If the grievance remains unresolved, Al Bahar begins, as a last resort, legal proceedings. And court fees alone can prove expensive; plaintiffs in Dubai pay 7.5 per cent of the amount they claim they are owed, and Abu Dhabi claimants pay 4.5 per cent. All documents relating to the conflict must be translated into Arabic, which costs between Dh60 and Dh70 per page, while lawyer fees also add to the expenditure. If that isn’t enough to put people off, then the claimant may have to foot the debtor’s portion of the bill if the case goes in the latter’s favour.
Financial costs aside, claimants should also consider the time and effort needed to fight a case in local courts. Compiling all invoices and documentation and sending them to the court can take between 10 and 20 days, with a further 10 days needed for translating paperwork into Arabic. At this point, Al Bahar registers the case at court and awaits a hearing date. In the meantime, the debtor is notified about the proceedings and given a chance to put a case together.
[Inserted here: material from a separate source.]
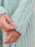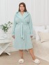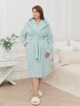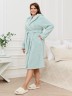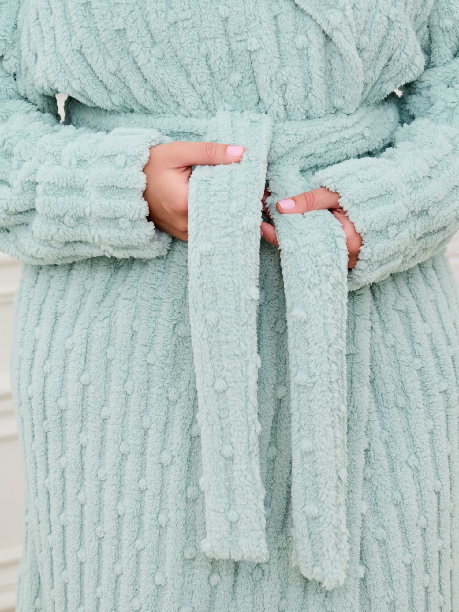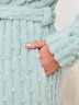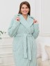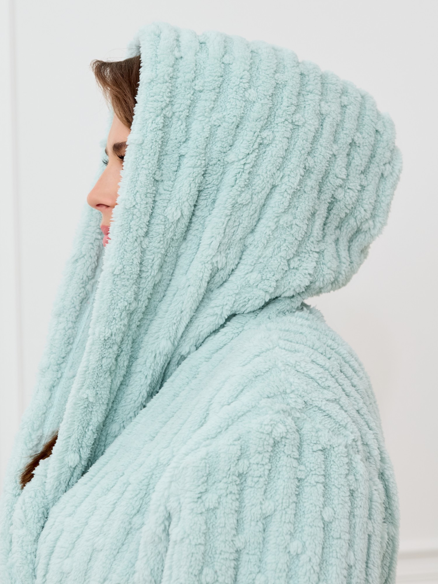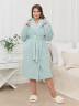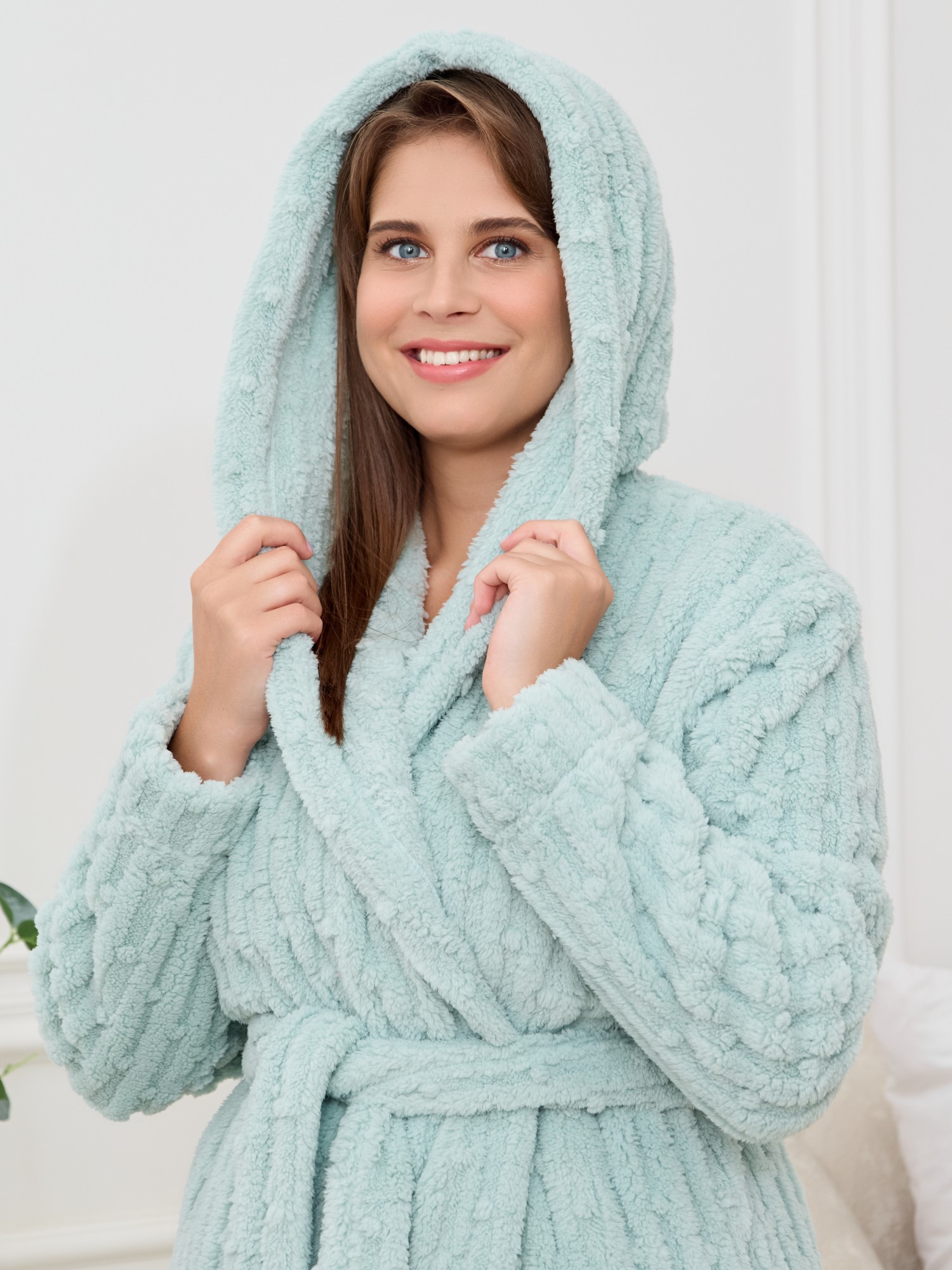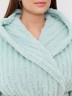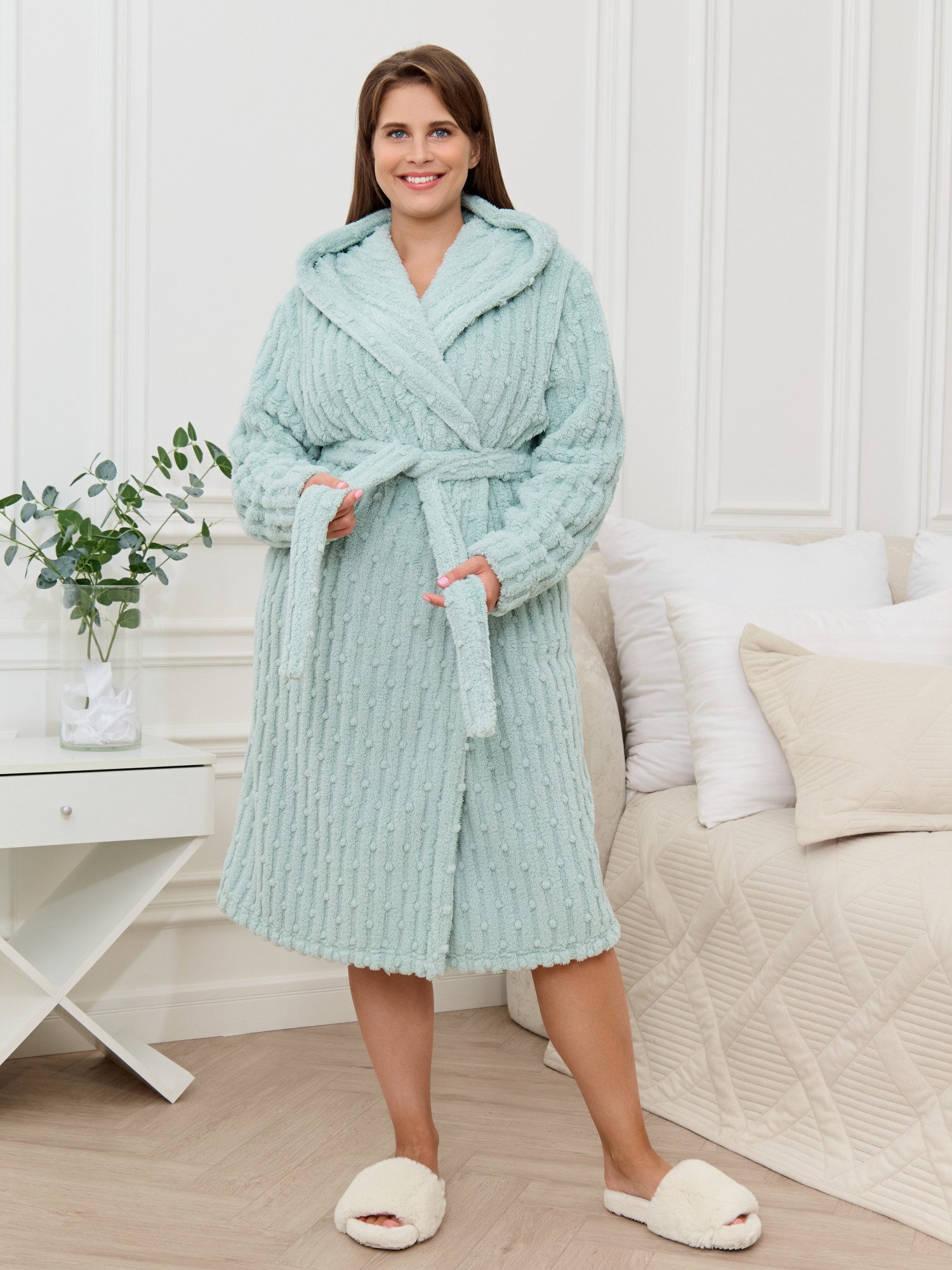 Халат женский из гладкокрашенного трикотажного полотна «велсофт» со стриженым рисунком, прямого силуэта, на запахе, с длинными втачными рукавами, капюшоном, карманами в боковых швах и съемным поясом, фиксирующимся на талии двумя шлевками в боковых швах.

If the dispute reaches this stage, Al Bahar will have phoned the debtor to explain the situation in a friendly manner before serving legal notices. “The debtors sometimes call us liars, say they want to negotiate, or tell us the disputed amount isn’t right,” Mr Siddiqui says. “We get letters and calls denying everything, so we tell them to come for a meeting to clear up the matter.”
Remaining polite and courteous may be Al Bahar’s approach, but it’s certainly not how at least one UAE bank operates, according to an unhappy customer. An Australian woman, who wishes to remain anonymous, claims she and her husband were recently “hassled” by HSBC after their current account went overdrawn by Dh37.
“We had three calls from the bank to make sure we put the money back,” she says.
The Dubai-based woman, who has lived in the emirate for three years, adds the matter was quickly settled after she transferred funds from the savings to current account. But she did not appreciate receiving “irritating” calls for such a small amount.
Last month Shayne Nelson, chief executive of Standard Chartered bank, said that local banks were struggling to cope with a near $11 billion liquidity shortfall from unsecured loans – perhaps explaining HSBC’s urgency to recoup Dh37.
While local banks have no intention of letting customers walk away without making good on their debts, Al Bahar’s Mr Ajjour suggests some creditors may be better off doing just that. In some cases, claimants are hoping for a quick payout of their money from debtors to pay rent or put food on the table. But with high legal costs and lengthy court proceedings, he believes it’s sometimes easier to walk away.
If you still want to do all you can to try to recoup your money, even if it has fled the country, Mr Ajjour does have connections abroad.
“We do chase people even if they have left the UAE,” he says. In criminal cases in which someone has procured cash through false pretences, Al Bahar hands matters over to Interpol, the international crime organisation. The more straightforward and non-criminal disputes often involve businesses outside this region that haven’t paid invoices to UAE-based companies in a timely manner.
“It takes time [to recoup debt from companies outside the UAE] which is not ideal if you need money to live on here,” he says. “If, for example, someone takes Dh100,000 from you and leaves, you can go to a lawyer, but the costs will soon start mounting up, so it might be better to forget it.”